Essa receita não era da Dorie, mas de um livro de cozinha calabresa que eu já vendi. Mas como a carne assada dela pedia extrato de tomate, achei que valia a pena fazer o meu, delicioso, orgânico, sem porcarias, antes da carne.

E a carne ficou muito boa. Usei músculo de novilho, orgânico, que estava num preço muito bom, e essa foi a carne braseada que fiz que ficou mais saborosa e macia. Não era quase em nada diferente das outras receitas básicas de carne braseada no vinho, a não ser pelo fato de ela marinar no vinho e com todos os legumes durante a noite e depois ser cozida por umas 2-3 horas no forno nesse caldo.
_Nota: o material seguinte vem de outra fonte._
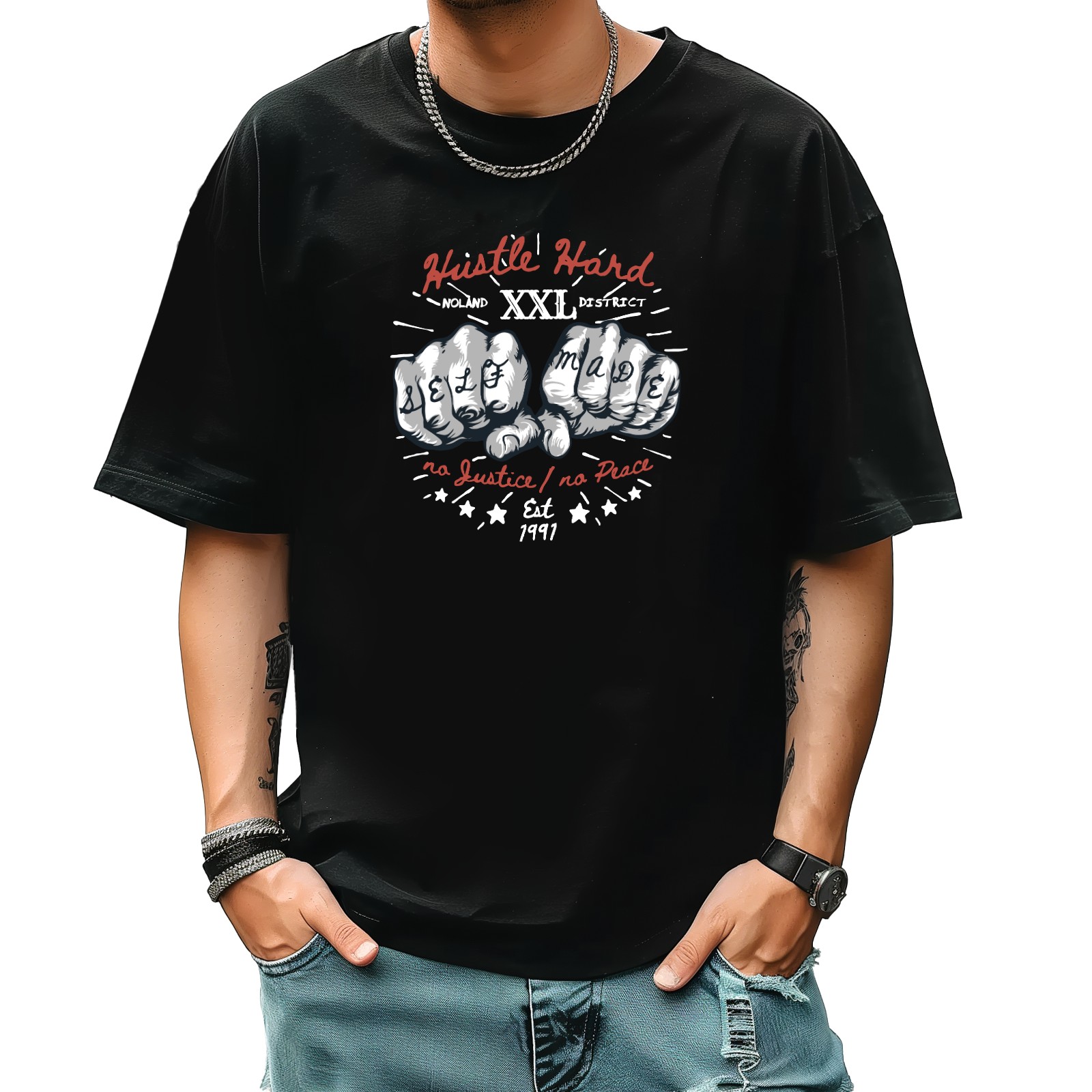 Huatee Hand T-Shirt for Man Tops Short Sleeves Shirt Crew Neck Shirt XS
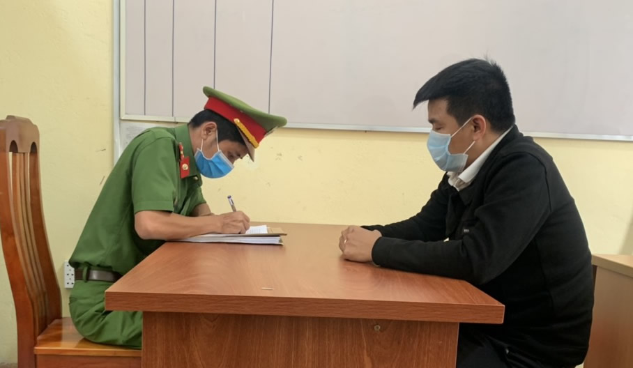 Công an huyện Đắk Rlấp ghi lời khai của đối tượng Thuận. |

Também as anchovas e o extrato de tomate contribuem bem para o umami do prato. Muito bom. Muito mesmo. Mas dado que o resto do processo é o mesmo das receitas mais clássicas francesas e italianas, apenas pensei que da próxima vez que fizer qualquer uma delas, vou mariná-la no vinho antes de cortá-la em pedaços e incluir na refoga dos legumes as tais anchovinhas. As fotos que achei internet afora, procurando um link para a receita, mostram uma linda carne fatiada. A minha se desmanchou inteira ao tentar cortá-la, o que eu não considero de modo algum um defeito. :)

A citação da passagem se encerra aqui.